GIVEN MATERIAL —
- - -
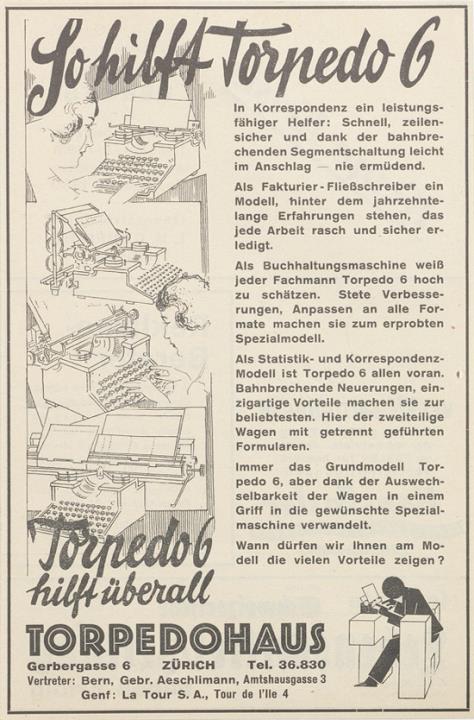 Werbeanzeige für Schreibmaschine Torpedo monochrom
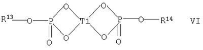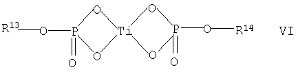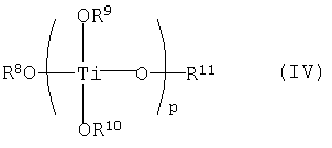 где каждый из R8, R9, R10 и R11 независимо представляет собой C1-20 алкил, p представляет собой целое число в диапазоне 1-3, и если p равен 2 либо 3, то тогда две либо три группы R9 и R10 могут быть одинаковыми либо различными, и (d) продуктов реакции между алкоксидами титана, имеющих общую формулу (IV), и ароматическими поливалентными карбоновыми кислотами, имеющими общую формулу (II), либо их ангидридами, причем молярное соотношение алкоксидов титана к ароматическим поливалентным карбоновым кислотам или их ангидридам составляет от 2:1 до 2:5, (D) компонент в виде соединения фосфора, состоящий, по меньшей мере, из одного соединения фосфора, имеющего общую формулу (V)
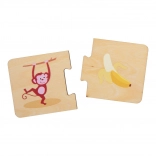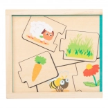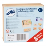 Tanulj és szórakozz! ezzel a fából készült logikai játékkal, mely megtanítja gyermekednek, melyik állat mit eszik. Puzzle, memóriajáték és párosító játék egy csomagban.
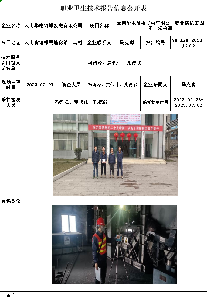 23-職業衛生(shēng)技術(shù)報告信息公開表-YNJXZW-2023-JC022
- - -
PROBLEM REQUIREMENTS —
All of the material above is to be retyped verbatim, with its pictures omitted.

RESULT BELOW —
 Werbeanzeige für Schreibmaschine Torpedo monochrom
 где каждый из R8, R9, R10 и R11 независимо представляет собой C1-20 алкил, p представляет собой целое число в диапазоне 1-3, и если p равен 2 либо 3, то тогда две либо три группы R9 и R10 могут быть одинаковыми либо различными, и (d) продуктов реакции между алкоксидами титана, имеющих общую формулу (IV), и ароматическими поливалентными карбоновыми кислотами, имеющими общую формулу (II), либо их ангидридами, причем молярное соотношение алкоксидов титана к ароматическим поливалентным карбоновым кислотам или их ангидридам составляет от 2:1 до 2:5, (D) компонент в виде соединения фосфора, состоящий, по меньшей мере, из одного соединения фосфора, имеющего общую формулу (V)
 Tanulj és szórakozz! ezzel a fából készült logikai játékkal, mely megtanítja gyermekednek, melyik állat mit eszik. Puzzle, memóriajáték és párosító játék egy csomagban.
 23-職業衛生(shēng)技術(shù)報告信息公開表-YNJXZW-2023-JC022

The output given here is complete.